Ich habe ein Applet erstellt, dass LOKAL am Rechner bzw. auf von einem anderen Rechner nach Zugriff auf ein GEMAPPTES NETZLAUFWERK (S:\) wunderbar funktioniert.

(1) Es handelt sich um ein signiertes Applet, weil ich Asugabedaten in eine *.dat-Datei schreibe.
(2) Es werden auch Bilder bzw. Textinhalte aus Unterordnern zum Ausführen geladen:
     Ordnerstruktur: \images
                            \textdata
                            \results                   ... enthält die Textdatei mit den Ausgabedaten
                            my_applet.jar
                            my_applet.html
(3) Alle Pfade in der Java-Datei sind relativ - das Applet lässt sich also lokal auf beliebigen Orten ausführen.


Wenn ich nun versuche, die html-Datei von einem anderen Rechner im Netzwerk über einen UNC-Pfad zu starten, dann bekomme ich die kurze Fehlermeldung:
Applet notinited.
Zusätzlich erscheint nur ein kleines rotes Kreuz am linken oberen Rand.

Das selbe passiert, wenn man alle Daten auf seine Homepage stellt und dann die html aufruft.

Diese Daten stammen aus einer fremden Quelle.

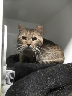 As a result of his recent experience Leopold is quite nervous (as you can see from his photo), and when he arrived at SAFE he decided to hide away. We have learned over the time he's been with us, that he is a morning cat, and, especially when his breakfast appears, he enjoys a stroke or two.

Weil ich nicht mehr weiter weiß, bitte ich euch um Hilfe...
... mit bestem Dank im Voraus!
Peter


----------



## L-ectron-X (4. Apr 2007)

Poste bitte mal die Fehlermeldung aus der Java-Konsole des Browsers.


----------



## Köter (5. Apr 2007)

java.util.NoSuchElementException
	at java.util.StringTokenizer.nextToken(Unknown Source)
	at KleeblattApplet.init(KleeblattApplet.java:185)
	at sun.applet.AppletPanel.run(Unknown Source)
	at java.lang.Thread.run(Unknown Source)


Aber trotzdem danke für die sehr schnelle erste Reaktion.

Lg
Peter


----------



## L-ectron-X (5. Apr 2007)

Java-API hat gesagt.:
			
		

> public class NoSuchElementException
> extends RuntimeException
> 
> Thrown by the nextElement method of an Enumeration to indicate that there are no more elements in the enumeration.



Da solltest du zunächst ansetzen.


----------